|Leicester in November - Maria A Smith|
I've been busy catching up with stuff, I've managed to get topside of my outstanding emails, and also made a dent in the household chores, I've been trying to clear the decks, so I can get on with my novel from where I left off, but its not quite worked in my favour. Lots of stuff has happened in the background requiring my time, as it often does, and work is as busy as ever.
Anyway, on the writing front, I've done a flash fiction piece, attended and chaired the writers group on Saturday, and afterwards spent time in the library doing some research for both novel, and a new short story. And then, for no good reason at all, I started to feel low. As if a black shadow had fell over me, and the nagging voice of doubt crept up on me, trying its best to fill me with angst! It wasn't even saying anything in particular, in fact it was more a feeling of foreboding about many things. I'm sure many of you reading this can identfy with me.
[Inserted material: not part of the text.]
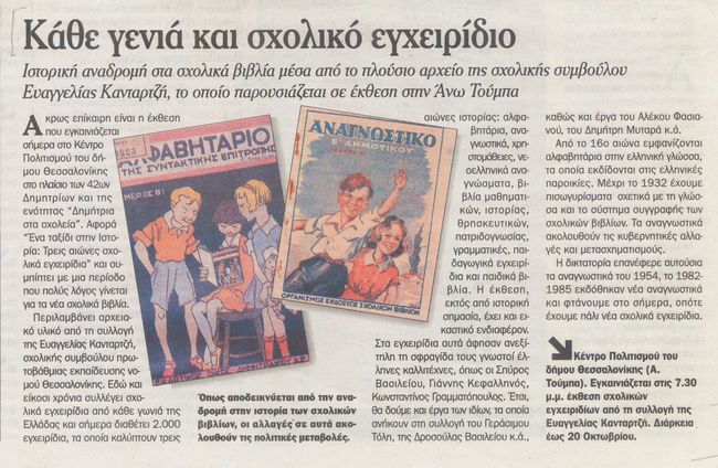 ‘Αρθρο στην εφημερίδα Μακεδονία (21 Σεπτεμβρίου 2007) με αφορμή την Έκθεση στα Δημήτρια Θεσσαλονίκης

I didn't see it coming, and have tried hard to kick it into touch today. Self-doubt is one of the worst enemies of the writer, and I can't allow it to take hold. I'm giving myself permission to calm down, and look at the big picture. I'm a creative, we're notoriously good at this whole self doubt thing, its destructive, and I'm not buying into it! This week I'm going to clear my head of all this nonsense, and find the cure.
Firstly, I need to get some perspective, find space, so I'll walk, read, drink tea, eat cake, socialise, do whatever it takes to turn this around. Let my brain work out what's wrong. Okay, maybe it is a sign that something isn't quite right, some aspect of my writing life might not be working, I suspect its time management, and I need to shuffle things around, get into a new routine, maybe its that, or perhaps, I'm not really happy with a chapter, whatever it is, I'll get topside of it this week. I won't be beaten.
So tell me folks, how do you deal with self-doubt? Do you stand back and take stock? Or do you throw yourself screaming and kicking back into your WIP?